%%

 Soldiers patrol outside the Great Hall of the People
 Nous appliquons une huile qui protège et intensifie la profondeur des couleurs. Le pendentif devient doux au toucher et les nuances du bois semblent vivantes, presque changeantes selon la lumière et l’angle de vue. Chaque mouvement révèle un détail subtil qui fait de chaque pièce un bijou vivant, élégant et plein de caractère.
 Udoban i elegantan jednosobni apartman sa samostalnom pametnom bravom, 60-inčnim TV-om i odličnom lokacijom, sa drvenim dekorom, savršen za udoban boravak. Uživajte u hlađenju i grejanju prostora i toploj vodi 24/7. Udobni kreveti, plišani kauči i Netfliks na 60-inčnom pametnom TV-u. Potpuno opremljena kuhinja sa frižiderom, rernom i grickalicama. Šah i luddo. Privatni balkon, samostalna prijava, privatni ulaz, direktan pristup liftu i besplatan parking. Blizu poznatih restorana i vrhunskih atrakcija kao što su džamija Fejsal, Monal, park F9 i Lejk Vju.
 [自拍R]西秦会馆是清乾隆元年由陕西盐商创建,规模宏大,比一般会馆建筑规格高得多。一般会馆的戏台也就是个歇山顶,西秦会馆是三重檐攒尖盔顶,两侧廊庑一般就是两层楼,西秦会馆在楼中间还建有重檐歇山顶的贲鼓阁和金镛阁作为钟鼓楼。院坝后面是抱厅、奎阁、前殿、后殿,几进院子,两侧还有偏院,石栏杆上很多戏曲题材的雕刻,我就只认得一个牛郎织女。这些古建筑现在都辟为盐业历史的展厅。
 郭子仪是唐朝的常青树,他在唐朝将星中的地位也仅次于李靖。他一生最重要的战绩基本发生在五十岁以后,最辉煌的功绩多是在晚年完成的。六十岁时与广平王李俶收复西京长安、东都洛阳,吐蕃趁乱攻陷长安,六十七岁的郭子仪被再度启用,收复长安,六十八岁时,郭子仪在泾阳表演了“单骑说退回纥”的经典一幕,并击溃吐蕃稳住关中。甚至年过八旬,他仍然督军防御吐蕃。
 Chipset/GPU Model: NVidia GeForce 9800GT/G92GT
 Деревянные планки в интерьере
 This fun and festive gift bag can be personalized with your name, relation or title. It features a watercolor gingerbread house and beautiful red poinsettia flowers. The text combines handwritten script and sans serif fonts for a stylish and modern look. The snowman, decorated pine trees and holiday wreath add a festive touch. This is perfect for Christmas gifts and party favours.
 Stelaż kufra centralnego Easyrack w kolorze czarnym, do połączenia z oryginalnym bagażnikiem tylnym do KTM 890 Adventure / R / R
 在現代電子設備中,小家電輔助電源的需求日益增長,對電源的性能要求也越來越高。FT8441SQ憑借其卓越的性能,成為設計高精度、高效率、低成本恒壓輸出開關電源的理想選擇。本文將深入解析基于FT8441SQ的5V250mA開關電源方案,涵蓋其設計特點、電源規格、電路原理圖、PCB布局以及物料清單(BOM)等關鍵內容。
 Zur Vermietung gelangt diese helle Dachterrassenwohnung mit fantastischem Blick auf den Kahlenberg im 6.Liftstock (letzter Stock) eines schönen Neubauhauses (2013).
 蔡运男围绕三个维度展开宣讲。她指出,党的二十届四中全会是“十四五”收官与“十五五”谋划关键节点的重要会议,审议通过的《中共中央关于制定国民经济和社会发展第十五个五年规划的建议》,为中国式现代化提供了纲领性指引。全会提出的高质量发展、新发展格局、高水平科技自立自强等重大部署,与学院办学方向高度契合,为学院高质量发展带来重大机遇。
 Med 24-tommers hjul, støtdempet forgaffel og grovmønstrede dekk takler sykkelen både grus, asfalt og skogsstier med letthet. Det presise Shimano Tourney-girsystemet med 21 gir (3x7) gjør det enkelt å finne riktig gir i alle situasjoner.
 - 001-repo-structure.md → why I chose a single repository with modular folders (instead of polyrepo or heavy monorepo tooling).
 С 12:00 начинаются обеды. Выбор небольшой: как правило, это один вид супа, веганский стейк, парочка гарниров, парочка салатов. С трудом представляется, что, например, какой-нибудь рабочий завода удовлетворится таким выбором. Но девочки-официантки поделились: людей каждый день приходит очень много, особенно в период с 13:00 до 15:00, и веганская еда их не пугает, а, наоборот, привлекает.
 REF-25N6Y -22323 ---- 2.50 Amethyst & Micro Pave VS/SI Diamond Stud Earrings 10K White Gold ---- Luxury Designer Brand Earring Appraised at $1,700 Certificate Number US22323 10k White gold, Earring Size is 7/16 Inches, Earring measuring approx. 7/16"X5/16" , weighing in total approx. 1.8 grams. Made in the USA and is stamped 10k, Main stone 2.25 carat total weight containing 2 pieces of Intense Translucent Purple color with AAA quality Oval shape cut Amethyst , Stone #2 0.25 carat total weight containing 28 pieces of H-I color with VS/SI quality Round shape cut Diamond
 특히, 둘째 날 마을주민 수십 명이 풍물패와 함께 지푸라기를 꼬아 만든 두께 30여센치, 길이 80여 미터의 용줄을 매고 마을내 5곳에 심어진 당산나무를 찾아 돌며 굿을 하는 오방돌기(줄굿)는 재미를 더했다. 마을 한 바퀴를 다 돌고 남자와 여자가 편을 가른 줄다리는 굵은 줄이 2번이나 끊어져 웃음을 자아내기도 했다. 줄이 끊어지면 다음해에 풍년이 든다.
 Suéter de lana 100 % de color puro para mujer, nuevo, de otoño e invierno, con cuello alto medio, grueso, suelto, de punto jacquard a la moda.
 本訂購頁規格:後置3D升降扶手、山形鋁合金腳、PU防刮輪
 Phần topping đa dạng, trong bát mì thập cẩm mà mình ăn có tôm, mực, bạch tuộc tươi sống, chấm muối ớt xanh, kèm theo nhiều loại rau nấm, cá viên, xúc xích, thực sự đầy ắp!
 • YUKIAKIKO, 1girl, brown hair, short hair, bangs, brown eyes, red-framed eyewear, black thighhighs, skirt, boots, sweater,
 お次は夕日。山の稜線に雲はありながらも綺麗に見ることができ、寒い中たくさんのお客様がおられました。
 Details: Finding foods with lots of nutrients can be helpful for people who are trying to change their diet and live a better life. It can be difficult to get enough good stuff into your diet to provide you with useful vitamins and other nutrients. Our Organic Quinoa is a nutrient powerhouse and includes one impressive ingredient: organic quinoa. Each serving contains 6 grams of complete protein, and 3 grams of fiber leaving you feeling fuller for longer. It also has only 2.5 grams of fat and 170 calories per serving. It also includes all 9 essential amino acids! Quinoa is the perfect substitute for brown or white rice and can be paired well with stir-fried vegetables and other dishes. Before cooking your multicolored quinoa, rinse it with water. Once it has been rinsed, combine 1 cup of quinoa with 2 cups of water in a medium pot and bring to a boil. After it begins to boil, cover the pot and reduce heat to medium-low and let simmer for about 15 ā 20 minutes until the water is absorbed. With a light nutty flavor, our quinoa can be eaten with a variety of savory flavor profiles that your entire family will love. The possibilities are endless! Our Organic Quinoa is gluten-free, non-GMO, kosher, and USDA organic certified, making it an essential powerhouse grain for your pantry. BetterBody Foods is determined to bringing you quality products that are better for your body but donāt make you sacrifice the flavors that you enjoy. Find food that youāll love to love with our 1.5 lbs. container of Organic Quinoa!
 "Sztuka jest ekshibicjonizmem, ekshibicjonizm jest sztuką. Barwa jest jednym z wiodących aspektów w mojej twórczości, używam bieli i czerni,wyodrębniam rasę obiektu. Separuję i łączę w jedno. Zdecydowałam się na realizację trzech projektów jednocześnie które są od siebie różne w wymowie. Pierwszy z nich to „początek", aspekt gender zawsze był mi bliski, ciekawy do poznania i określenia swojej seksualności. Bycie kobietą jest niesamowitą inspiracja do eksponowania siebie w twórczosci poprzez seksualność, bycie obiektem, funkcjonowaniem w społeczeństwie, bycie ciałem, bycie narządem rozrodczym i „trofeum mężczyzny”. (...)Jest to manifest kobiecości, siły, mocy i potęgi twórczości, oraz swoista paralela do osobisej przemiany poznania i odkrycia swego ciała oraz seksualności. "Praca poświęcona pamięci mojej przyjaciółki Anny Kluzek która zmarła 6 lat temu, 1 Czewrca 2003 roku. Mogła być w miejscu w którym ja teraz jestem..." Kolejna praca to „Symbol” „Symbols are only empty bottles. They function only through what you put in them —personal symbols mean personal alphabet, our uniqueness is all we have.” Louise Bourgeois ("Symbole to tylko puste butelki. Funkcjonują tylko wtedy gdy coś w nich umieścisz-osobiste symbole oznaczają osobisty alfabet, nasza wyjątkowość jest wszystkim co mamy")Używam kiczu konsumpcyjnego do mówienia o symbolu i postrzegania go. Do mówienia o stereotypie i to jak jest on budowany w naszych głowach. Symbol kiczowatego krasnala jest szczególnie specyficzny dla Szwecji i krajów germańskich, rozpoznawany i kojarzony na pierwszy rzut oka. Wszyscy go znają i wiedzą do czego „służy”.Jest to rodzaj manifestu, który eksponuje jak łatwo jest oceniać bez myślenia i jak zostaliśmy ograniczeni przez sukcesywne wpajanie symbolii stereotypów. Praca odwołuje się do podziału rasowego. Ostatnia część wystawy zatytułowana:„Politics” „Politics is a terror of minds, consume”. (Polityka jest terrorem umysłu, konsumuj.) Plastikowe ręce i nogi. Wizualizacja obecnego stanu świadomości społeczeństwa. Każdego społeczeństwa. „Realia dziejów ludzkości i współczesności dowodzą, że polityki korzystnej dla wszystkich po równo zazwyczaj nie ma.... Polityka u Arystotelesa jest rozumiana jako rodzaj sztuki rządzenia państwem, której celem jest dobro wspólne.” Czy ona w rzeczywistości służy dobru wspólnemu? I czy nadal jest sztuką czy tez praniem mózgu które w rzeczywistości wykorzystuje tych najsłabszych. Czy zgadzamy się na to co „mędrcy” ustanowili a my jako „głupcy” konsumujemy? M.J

%%

# PROBLEM DETAILS:
Quote, word for word, every line from the top of the entries through the line that holds "This fun and".

# ANSWER TO THE PROBLEM:
 Soldiers patrol outside the Great Hall of the People
 Nous appliquons une huile qui protège et intensifie la profondeur des couleurs. Le pendentif devient doux au toucher et les nuances du bois semblent vivantes, presque changeantes selon la lumière et l’angle de vue. Chaque mouvement révèle un détail subtil qui fait de chaque pièce un bijou vivant, élégant et plein de caractère.
 Udoban i elegantan jednosobni apartman sa samostalnom pametnom bravom, 60-inčnim TV-om i odličnom lokacijom, sa drvenim dekorom, savršen za udoban boravak. Uživajte u hlađenju i grejanju prostora i toploj vodi 24/7. Udobni kreveti, plišani kauči i Netfliks na 60-inčnom pametnom TV-u. Potpuno opremljena kuhinja sa frižiderom, rernom i grickalicama. Šah i luddo. Privatni balkon, samostalna prijava, privatni ulaz, direktan pristup liftu i besplatan parking. Blizu poznatih restorana i vrhunskih atrakcija kao što su džamija Fejsal, Monal, park F9 i Lejk Vju.
 [自拍R]西秦会馆是清乾隆元年由陕西盐商创建,规模宏大,比一般会馆建筑规格高得多。一般会馆的戏台也就是个歇山顶,西秦会馆是三重檐攒尖盔顶,两侧廊庑一般就是两层楼,西秦会馆在楼中间还建有重檐歇山顶的贲鼓阁和金镛阁作为钟鼓楼。院坝后面是抱厅、奎阁、前殿、后殿,几进院子,两侧还有偏院,石栏杆上很多戏曲题材的雕刻,我就只认得一个牛郎织女。这些古建筑现在都辟为盐业历史的展厅。
 郭子仪是唐朝的常青树,他在唐朝将星中的地位也仅次于李靖。他一生最重要的战绩基本发生在五十岁以后,最辉煌的功绩多是在晚年完成的。六十岁时与广平王李俶收复西京长安、东都洛阳,吐蕃趁乱攻陷长安,六十七岁的郭子仪被再度启用,收复长安,六十八岁时,郭子仪在泾阳表演了“单骑说退回纥”的经典一幕,并击溃吐蕃稳住关中。甚至年过八旬,他仍然督军防御吐蕃。
 Chipset/GPU Model: NVidia GeForce 9800GT/G92GT
 Деревянные планки в интерьере
 This fun and festive gift bag can be personalized with your name, relation or title. It features a watercolor gingerbread house and beautiful red poinsettia flowers. The text combines handwritten script and sans serif fonts for a stylish and modern look. The snowman, decorated pine trees and holiday wreath add a festive touch. This is perfect for Christmas gifts and party favours.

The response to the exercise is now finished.